We obtain that degree 3 is best. Note that by not specifying the argument K in function cv.glm, the default is that K is equal to the sample size. Said otherwise, LOOCV is performed (which is why the code takes some time to run… it is a “computationally expensive” method).

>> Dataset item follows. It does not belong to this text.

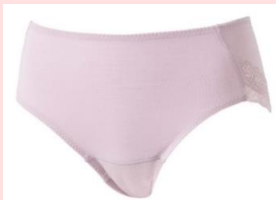
レギュラータイプ 吸水量：最大20cc

But note we get similar results with the standard K=5 or K=10.

library(splines)
# Picking arbitrary knots
fit <- lm(nox ~ bs(dis, knots=c(3,6), df = 4), data = Boston)
pred <- predict(fit, newdata = data.frame(dis = dis.grid))
plot(Boston$dis, Boston$nox, col = "gray")
lines(dis.grid, pred, lwd = 2, col="brown3")

# Let R pick knots
fit <- lm(nox ~ bs(dis, df = 4), data = Boston)
pred <- predict(fit, newdata = data.frame(dis = dis.grid))
plot(Boston$dis, Boston$nox, col = "gray")
lines(dis.grid, pred, lwd = 2, col="brown3")

# Recover the knots
attr(bs(Boston$dis , df = 4), "knots")

[1] 3.20745

# Realise this is just the median (since there is only one knot)
median(Boston$dis)

[1] 3.20745

If we don’t pick the knots, R just picks uniform quantiles of the data (e.g., for 3 knots it would be the 25%, 50% and 75% quantiles.)

rss <- c()
plot(Boston$dis, Boston$nox, col = "gray",ylim=c(0.35, 0.9))
for (i in 3:7) {
  fit <- lm(nox ~ bs(dis, df = i), data = Boston)
  rss[i - 2] <- sum(fit$residuals^2)
  pred <- predict(fit, newdata = data.frame(dis = dis.grid))
  lines(dis.grid, pred, col = colours[i])
}

plot(Boston$dis, Boston$nox, col = "gray",ylim=c(0.35, 0.9))
for (i in 8:11) {
  fit <- lm(nox ~ bs(dis, df = i), data = Boston)
  rss[i - 2] <- sum(fit$residuals^2)
  pred <- predict(fit, newdata = data.frame(dis = dis.grid))
  lines(dis.grid, pred, col = colours[i])
}

print(rss)

[1] 1.934107 1.922775 1.840173 1.833966 1.829884 1.816995 1.825653 1.792535
[9] 1.796992

For larger “degrees of freedom”, some overfitting occurs (fitted lines are more wobbly).

set.seed(1)
cv.error <- c()
options(warn=-1) # we remove warnings (yes, living dangerously)
for (i in 3:11) {
  fit <- glm(nox ~ bs(dis, df = i), data = Boston)
  cv.error[i - 2] <- cv.glm(Boston, fit, K = 10)$delta[1]
}
options(warn=0)  # reset to default
plot(3:11, cv.error, type = "l", xlab = "df", lwd=2, col="brown3")

which.min(cv.error)

[1] 4

We would select 6 degrees of freedom (the smallest CV is obtained for the fourth element of vector cv.error, but note the first element corresponds to 3 degrees of freedom).